On 06/02/12 07:58, Pavel Tkachenko wrote:
Making markup language-neutral is easy enough: even a
single person
can carry on the research to find keyboard symbols that are easily
accessible across different language standards. From my experience
they are ! % * ( ) - = _ and +. This will eliminate the need to layout
switches (for example, currently a Russian Wikipedia editor must
switch layout 5 times in typing simple "<u>underline</u>" since
neither < nor > are present in Russian layout;
No. It's not easy. It's painful.
The goal of wikitext is to make html editing easy.
HTML only needs a few special characters: <>&;=" but it's bothersome.
So instead of
<ul>
<li>Dogs
<li>Cats
<li>Hens
</ul>
We define that * is a bullet and serves to make lists:
* Dogs
* Cats
* Hens
It's easier to type, and looks good.
Then we also want numbered lists. Instead of
<ol>
<li>One
<li>Two
<li>Three
</ol>
We define # as the equivalent for numbered lists. Note that there's no
usage of # for numbers in many cultures, so that's less 'visual' there.
# One
# Two
# Three
You then continue adding tricks of "this looks like", sometimes needing
a bery crazy mind. But each feature requires new symbols, and when you
look at those available on every layout, you get *very* limited...
For example, I could decide to list imagemaps as `Image1´ `Image2´...
(grave and acute), but oh, many keyboards don't have both accents.
(I happen to have both, but had to copy the acute because it rejected
being displayed alone, converting to an apostrophe...)
And obviously, you can't use something that would easily appear in a
normal text (or you start defining escape codes which are uglier, too).
My study indicates that the number of available
symbols will allow to
avoid HTML-style tags completely - this will further simplify the
markup. For instance, instead of <u> "__" can be used; <ref> can
be
replaced by "[[*ref]]" for uniformity with links; and so on. I am
ready to give expanded explanation if anyone is interested.
How do you type the *content* of the references?
the same goes for links: "[[link]]" and
"[[link|caption]]" - pipe is
also not present [in Russian layout]
[]| are some of the very few forbidden characters in the titles. That's
why we can take advantage of them for title splitting.
How would you differenciate between link target (page title) and link
caption?
It's simple to start defining a sensible syntax. But when you want to
"go further", you start being limited. The most sane approach is
probably to fall back to <tags> and leave them in the "complex" section.
Why <> and not anything else? Just because that's what the underlying
html uses. Some people is already familiar with that, too.
See, mediawiki didn't define <u> as wikitext for underline.
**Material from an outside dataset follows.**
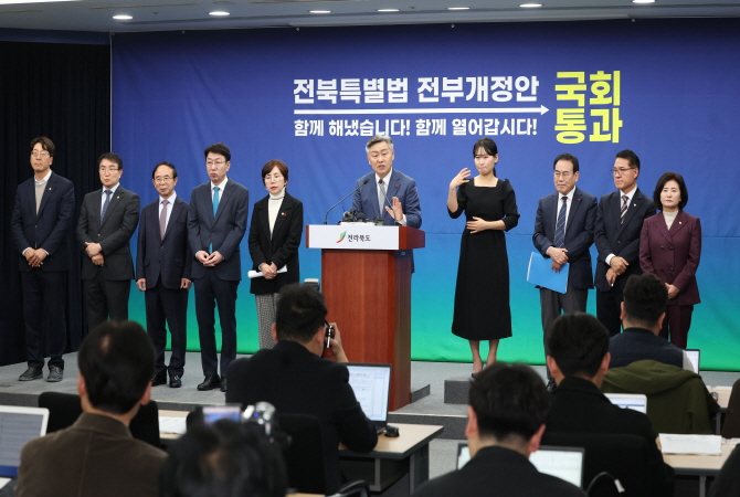 전북도는 12일 도청 기자회견장에서 김관영 도지사를 비롯해 한병도 더불어민주당 전북도당위원장과 양경숙 더불어민주당 의원, 국민의힘 정운천 의원 등이 참석한 가운데 전북특별법 전부개정안 국회 본회의 통과에 대한 브리핑을 갖고 도민들에게 감사 인사를 전했다.

It allows some html as, including <i> <b> and <u>. <i> and
<b> have
friendly counterparts*, <u> has not. The reason being that use of
underlining is discouraged.
*And that also turned out to have issues, ever tried to write wikitext
in piedmontese?
Special tokens like #REDIRECT, {{-}},
<imagemap>, __TOC__, etc. that
all use different syntaxes can be uniformized in a way similar to
template insertions: {{redir New page}}, {{clear}}, {{imagemap
image.png, title x y, ...}}, {{TOC}} and so on. Templates can be
called as {{tpl template arg arg arg}} - even if we keep { and } that
require layout switch in some languages we eliminate the pipe which
just makes things worse and text - less readable.
{{-}} is not a wikitext token. #REDIRECT and __TOC__ are a sad effect of
separate building of contents. They are incoherent with the rest of the
syntax.
Note you can (and some wikis do) use a {{TOC}} template. You can't wrap
#REDIRECT in a template, though, because the redirect applies to the
template itself (unless you use some odd escaping?)